El modelo del alfabetocentrismo entiende pues —como vimos más arriba que hace todavía tanta gente en Occidente— que sólo puede hablarse de escrituras propiamente dichas cuando estamos ante alfabetos. Los otros sistemas de comunicación gráfica son en el mejor de los casos “escrituras en formación” (amagos de alfabetos), y en el peor de ellos meras colecciones de signos con utilidad reducida, mediocres recursos para llevar cuentas o ayudar a la memoria.

La pendiente desde los alfabetos occidentales hacia la ausencia de escritura que el alfabetocentrismo proclama se suele precipitar hacia el abismo cuando los sistemas visuales de comunicación no se asemejan a las ordenadas hileras de pequeñas marcas sobre una superficie que estamos acostumbrados a asociar a nuestras escrituras. Posiblemente hemos renunciado de antemano a averiguar si había un principio sistemático de comunicación en muchas creaciones visuales de las culturas del mundo porque sus elementos distintivos no se presentaban ordenados en fila india, al modo en que se organizan nuestros renglones. Damos por supuesto que hay escrituras en horizontal (como las nuestras), aceptamos que las haya en vertical (como la china tradicional o la mongol), permitimos que algunas puedan presentarse incluso en espiral (como en el disco de Phaistos), pero no estamos muy dispuestos de entrada a encontrar sistematicidad, es decir escritura, en imágenes no ordenadas espacialmente de una manera secuencial.

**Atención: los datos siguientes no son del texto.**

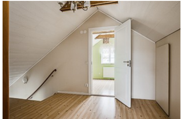
Flur im DG
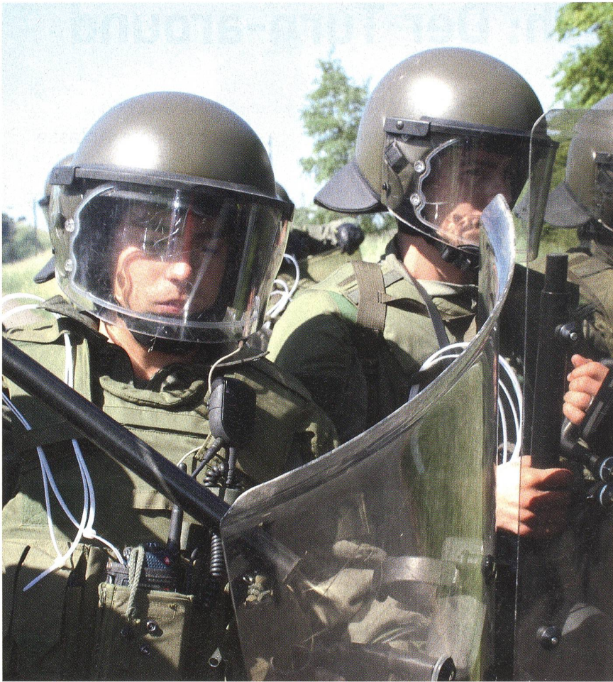
Was zählt, ist der innere Zusammenhalt, die gute Kameradschaft.

konfessionellen und parteipolitischen Neutralität.
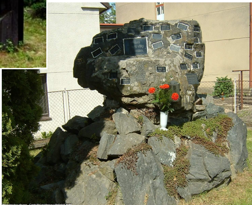
↓ 59. Červené Janovice , pomník padlých
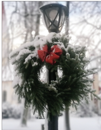
Rucavā pie laternu stabiem uzstādīti Adventes vainagi.

Nīcas centrā ilgu gadu slējas liela un skaista egle, kura tradicionāli ceļu uz pagastu mēroja no meža un tika uzstādīta pie domes ēkas, līdz kāda spēcīga vētra to
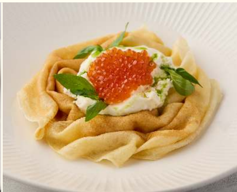
Красная икра с яйцом пашот на блинчиках 160g / 950.-

Если у вас есть аллергия на определенные продукты, просим заранее сообщить об этом официанту.
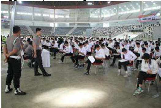
Gambar 6. Proses Pelaksanaan Ujian Akademik menggunakan LJK

tahu waktu pelaksanaan ujian selesai atau tinggal berapa menit lagi.
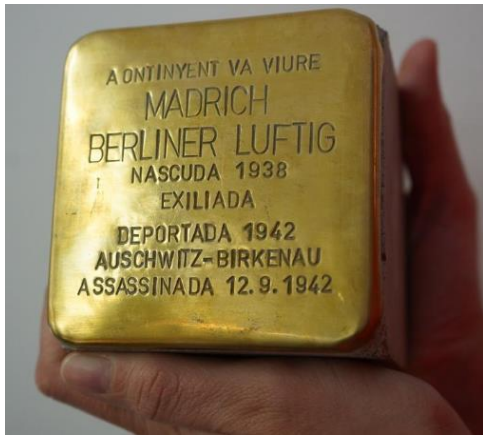
Llamborda de la memòria

Stolpersteine paraula alemanya que significa pedres, llambordes per ensopegar. Les stolpersteine o llambordes de memòria són petits monuments creats per l'artista alemany Gunter Demning en memòria de víctimes del nazisme. L'artista vol que aquestes llambordes "no siguin per ensopegar amb els peus, sinó amb el cap i el cor".

Por ello no nos hemos dado cuenta hasta tan tarde de sistemas de comunicación visuales —verdaderas escrituras desde el punto de vista semiótico— como los tokapu andinos, incorporados desde antiguo a las creaciones textiles indígenas y estudiados por Victoria de la Jara:

delajara

De estos signos ya había hablado fugazmente el cronista Martín de Murúa en su Historia general del Perú (1613), llamándoles “escribir cuadrado”. Pero la sociedad colonial hispánica no los valoró como escritura y fomentó la pérdida de la memoria de sus códigos.

Así la llegada de las escrituras alfabéticas, acompañada de la ideología excluyente del alfabetocentrismo, ha supuesto en muchos lugares de la Tierra el no reconocimiento de los sistemas de escritura autóctonos, y su posterior olvido en el proceso de asimilacion cultural. En el mismo marco de los Andes las antropólogas Olivia Harris y Thérèse Bouysse-Cassagne recogían todavía en el siglo XX este testimonio:

“Cuentan actualmente los laymi de Potosí que antes la gente sabía escribir, pero que los españoles, al momento de la Conquista, les dijeron: «Carajo, indio, no sabes escribir», y los descalificaron.” (“Pacha: en torno al pensamiento aymara”, 1988)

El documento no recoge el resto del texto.